Every write to Lore is attributed to an actor — a human or a named agent. You don't have to do anything for this to work; the process resolves its identity automatically:
~/.config/lore/auth.json) → writes attribute to that human.LORE_AGENT_TOKEN (a named agent's credential, set by a scheduled runtime or the agent's .mcp.json env) → writes attribute to that agent.Call the whoami tool if you need to know which you are — useful to announce yourself ("hi, I'm marketing-bot") or to decide whether to reload your operating context. The response includes last_deposit_at: the timestamp of your most recent deposit across all three kinds (narration via log, artifact via ingest, how-to-proposal via propose_procedure). Use it as a "have I deposited yet this session?" check. You generally don't need to call whoami otherwise; attribution is automatic and every source you ingest carries your actor.
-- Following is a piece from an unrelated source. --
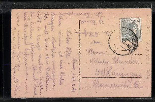 Personenbezogene Daten auf der Rückseite der Karte wurden durch blauen Textmarker unkenntlich gemacht. Die blauen Stellen sind auf die Vorderseite durchgeweicht und wirken sich negativ auf das Postkartenfoto aus
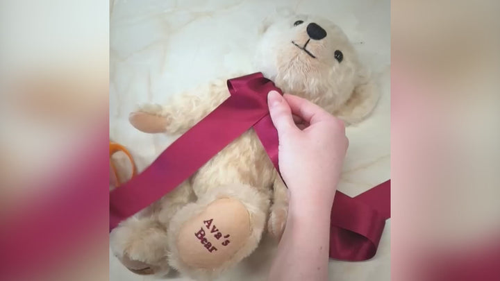 If your companion’s ribbon has come loose while snuggling or you’re simply interested in refreshing its colour, this visual guide will help you re-tie this essential accessory for your bear!

Named agents are first-class identities with their own credential and data isolation — an agent cannot read a human's private layer. A human provisions an agent with lore agent install <name>; from then on that agent has a stable name across every session and runtime. See the CLI reference's Agents section for the management commands.
When you are coding inside a repo, prefer a project working copy when the user wants local context visible to native coding agents:
cd ~/workspace/my-code-repo
lore context add <project>
Then read .lore/context.md and relevant files in .lore/sources/ before planning. These are copied snapshots, not symlinks. context add registers the repo for daemon refresh, so clean snapshots can update after sync cycles. Do not edit .lore/base/ or .lore/manifest.json.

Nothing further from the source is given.